Well the only thing with the livewell being that way is that there is no room to put a cooler in front of it without the front seat hitting it, and if you put it behind the livewell you have no legroom what so ever. Only thing I could do was put a small drink cooler between it and the side. No room for a cooler to fit decent size fish, the livewell is also quite small inside. If my boat were 2 feet longer the livewell would be awesome this way. I should be getting some stuff done Sunday.


----------



## JaxLaxFish (Aug 23, 2010)

You could always use a cooler for your front/rear seat


----------



## jcoody (Jul 1, 2010)

That's a good idea about the cooler seat. I would need one with somewhat of a back on it.


----------



## DuckNut (Apr 3, 2009)

Never thought of using a switchblade for demo  Cool little skiff and welcome to the mayhem.


----------



## jcoody (Jul 1, 2010)

The switchblade I found in a huge bucket of sockets a friend gave me and it was something that I could careless about bending! Worked pretty great until I spilled resin on it! 

Well I brought the trailer home today. She looks good. Be even better when I paint her with Pearl Blue Auto paint to match what the boat will be! Also I was going to have pvc guide post on the trailer but I found some 3/4 inch stainless steel tubing that will make her shine and not scratch my boat. Should get pics up tomorrow. It was too dark tonight.


----------



## mike519 (Jul 26, 2010)

the rivermaster is still being made over in Live Oak,FL email me and can give you his name and number


----------



## Un-shore (Sep 27, 2007)

Dude, I will buy that switchblade off you! 

Your boat looks like a nice sturdy hull, good luck and have fun.


----------



## jcoody (Jul 1, 2010)

Thanks! Its a decent little boat, I love it. 

I went yesterday and bought materials for building the low decks. I got 3M ruberized undercoating for the trailer. I was one can short of having the whole trailer coated twice. This stuff seems pretty good so far, it is pretty tough and looks awesome!


----------



## popcorn (Apr 11, 2010)

Can't sell the switchblade. It's part of the "aura" now. You could name it "Blade Runner" if you have not named it already. ;D


----------



## jcoody (Jul 1, 2010)

LOL! The switchblade is definately a no sell item.
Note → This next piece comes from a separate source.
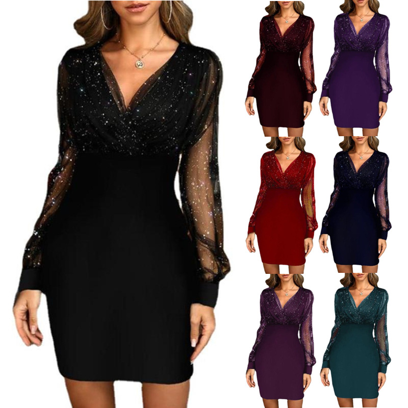 Gaun lengan panjang seksi perdagangan luar negeri gaun payet leher V jala stasiun independen Amazon pakaian wanita lintas batas Eropa dan Amerika

It has many uses, such as mini pry bar, hammer to beat on things, mixing stick for resin, paint stirer, and new things everyday!  

Sorry I haven't been on this thing guys, I have been working a good bit. I did get a measurements tonight to cut my deck tomorrow, since I'm getting off earlier than usual! 

I have a question: under my rear low deck I will be placing foam blocks, should this area be completely sealed? Or no?


----------



## jcoody (Jul 1, 2010)

The decks cut to fit and the livewell cut out with the new top piece where a cooler will sit. i have to cut a piece of aluminum to fit the hole above my front deck so i can put a hatch door in it.


----------



## jcoody (Jul 1, 2010)

pic


----------



## mike519 (Jul 26, 2010)

Im building my deck floor out foam that is being used in tramsons in new boats no-rot


----------



## jcoody (Jul 1, 2010)

Riverrat, message me your number on here, I accidentally deleted it from email. 

How much does the foam your talking about cost??


----------